Neurosteroid formation

Papadopoulos' neurosteroid research on inducing TSPO via drug ligands in glial cells increased neurosteroid formation and led to therapeutic application for the treatment of anxiety and other mental health pathologies. Thereafter, TSPO drug ligands reached the market for the treatment of anxiety and other neuropsychiatric disorders and neurological diseases. Currently, several TSPO ligands are in clinical development for neurological disorders, neuropsychiatric diseases, and cancer. Moreover, the identification of a brain-specific pathway for dehydroepiandrosterone steroid synthesis led to the development of a novel Alzheimer's blood diagnostic and the design of neuroprotective drugs.

Endocrine disrupting chemicals

At Georgetown, studies on in utero and adult in vivo exposure to endocrine disrupting phthalates and plasticizers with collaborator Martine Culty revealed an impact on testicular function.
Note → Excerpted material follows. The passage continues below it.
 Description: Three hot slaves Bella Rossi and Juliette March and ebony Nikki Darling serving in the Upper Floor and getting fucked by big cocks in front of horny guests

Endocrine disrupting chemicals such as phthalate DEHP and the non-phthalate DINCH reduced testosterone and aldosterone formation in adult rats. This work contributed to the body of evidence on the endocrine disrupting potential of plasticizers and their regulation by governmental agencies.

=== Administrative career ===
Between 2004 and 2007, Papadopoulos was the Associate Vice President for Research at Georgetown University Medical Center, and subsequently appointed the Director of Biomedical Graduate Research Organization. Under Papadopoulos' direction, the institution obtained an NIH-funded General Clinical Research Center and its first Clinical and Translational Science Award. Papadopoulos served from 2007 to 2016 as the executive director and chief scientific officer of the Research Institute of the McGill University Health Centre (RI-MUHC), one of Canada's largest research centers. At the RI-MUHC he was a professor in the faculty of medicine at McGill University and held a Canada Research Chair in Biochemical Pharmacology and the Phil Gold Chair in Medicine at McGill and the MUHC. Under Papadopoulos' tenure, more than $300 million federal and provincial grants were raised, resulting in the creating of a state-of-the-art clinical and biomedical research facility.
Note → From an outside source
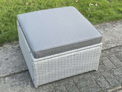 Fimous Light Grey Rattan Footstool Patio Outdoor Garden Furniture

Since 2016, Papadopoulos has served as dean of the Alfred E. Mann School of Pharmacy and Pharmaceutical Sciences at University of Southern California, previously known as USC School of Pharmacy. In 2022, USC announced the $50 million renaming gift for the endowment of the USC Alfred E. Mann School of Pharmacy and Pharmaceutical Sciences, the largest gift for pharmacy school in California.